"I did notice it! I charged him with that cataclysmic outrage. He laughed. We came into personal collision. He chased me into my room."
Panting, breathless with rage at the memory of the morning's defeat which I had witnessed, Quint glared at me for a moment. Then he jerked his head toward Mildred:
"As soon as he went to luncheon—Boomly, I mean—I climbed over that transom and dropped into this room. I had been hunting for ten minutes before I found my Silver Moon eggs hidden under the carpet.
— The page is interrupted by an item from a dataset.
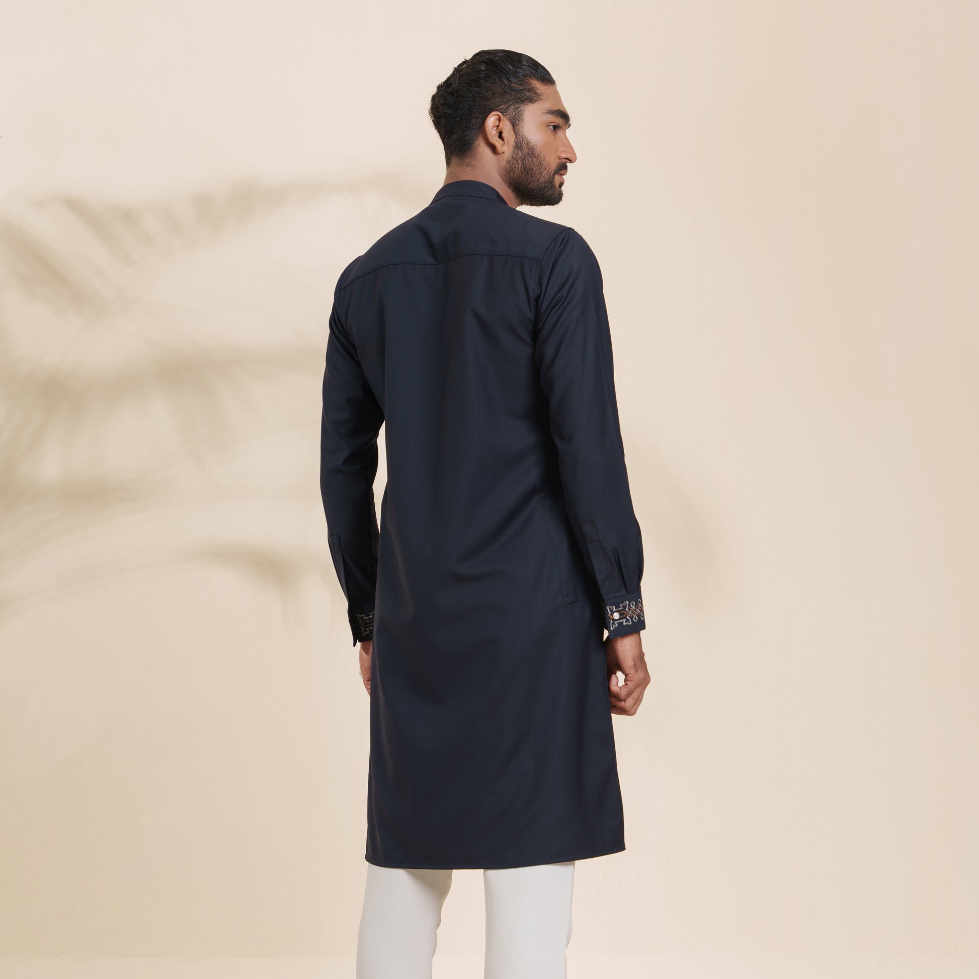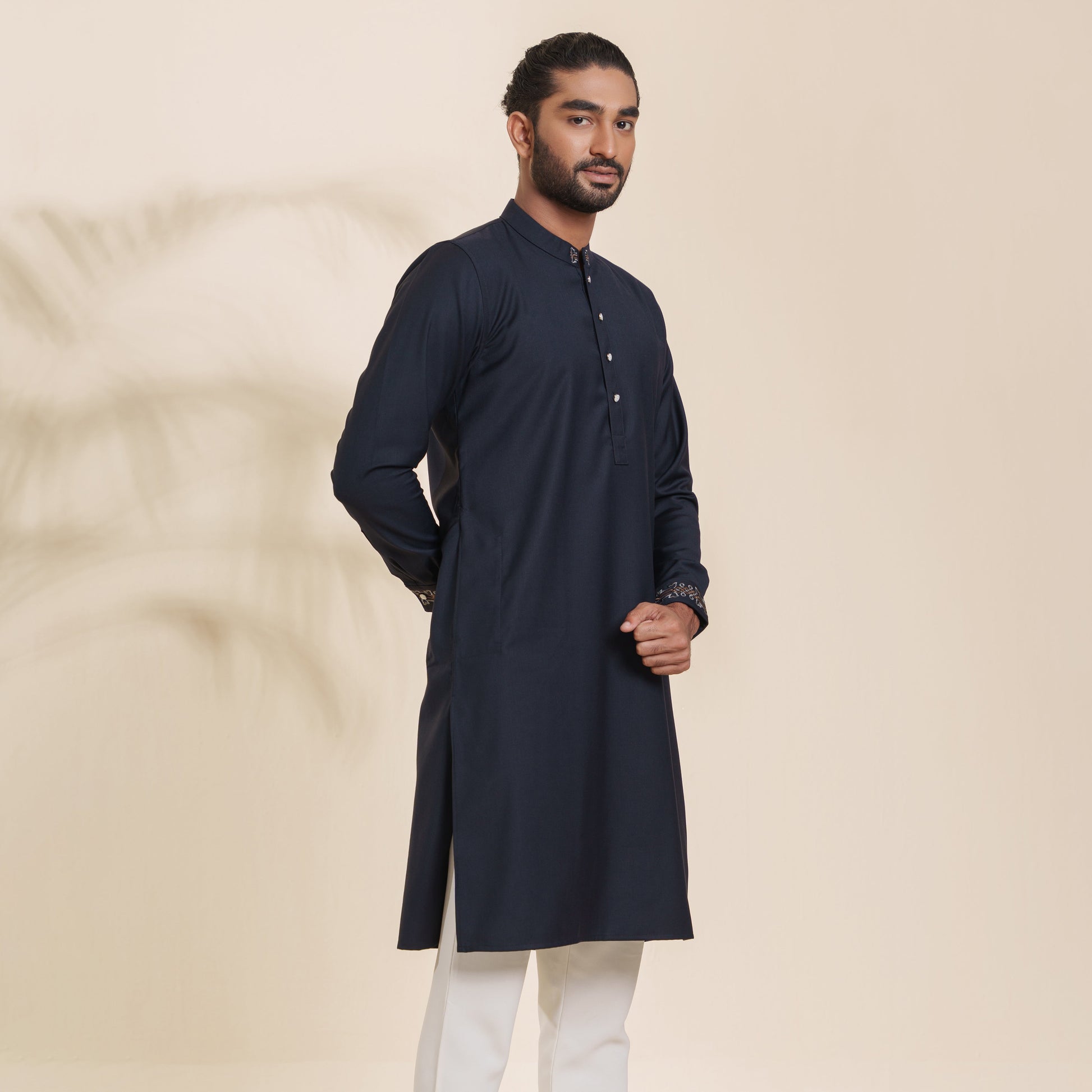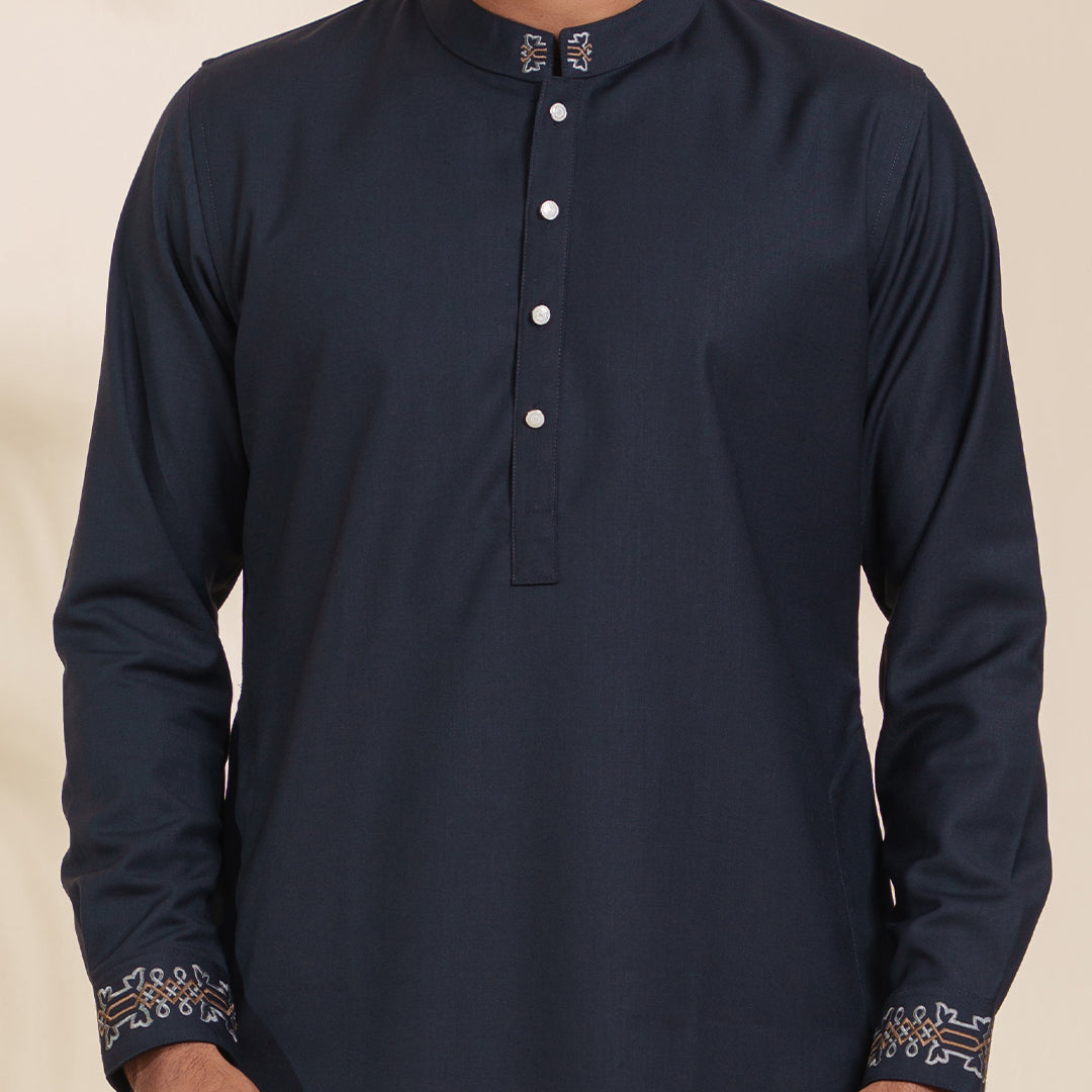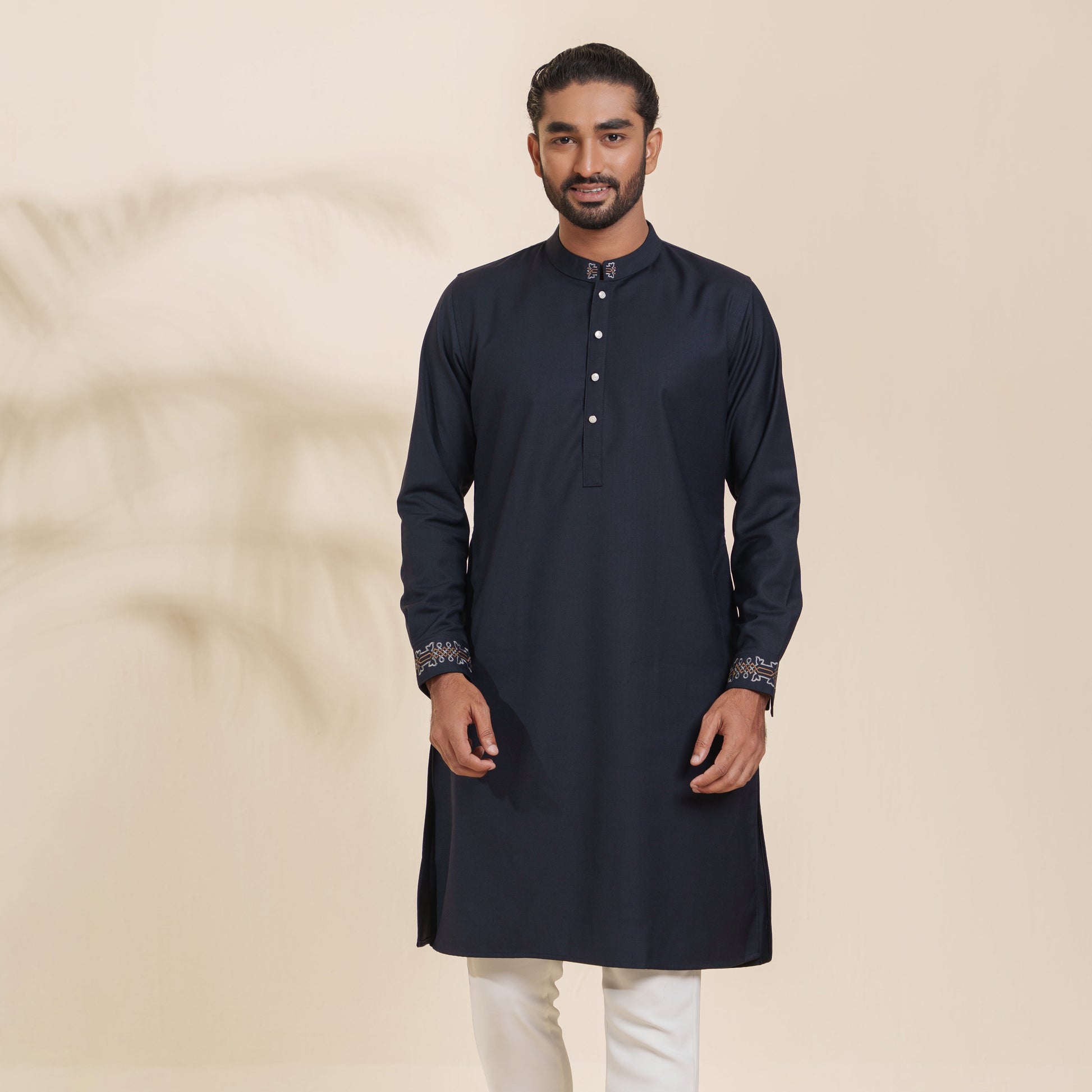 This Mens Premium Panjabi Features A Blend Of Cotton And Linen Fabrics In A Classic Dark Navy Color. It'S Designed With Decorative Embroidery, Making It Perfect For Formal Occasions. Soft And Breathable, It Provides Remarkable Comfort And Style.

So I pocketed them, climbed back over the transom, and went to my room."
He paused dramatically, staring from one to another of us:
"Boomly was there!" he said slowly.
"Where?" asked Mildred with a shudder.
"In my room. He had picked the lock. I told him to get out! He went. I shouted after him that I had recovered the Silver Moon eggs and that I should certainly be awarded the Carnegie medal.
"Then that monster in human form laughed a horrible laugh, avowing himself guilty of a crime still more hideous than the theft of the Silver Moon eggs! Do you know what he had done?"
"W-what?" faltered Mildred.
"He had stolen from cold storage and had concealed the leaves of the Bimba bush, brought from Singapore to feed the Silver Moon caterpillars! That's what Boomly had done!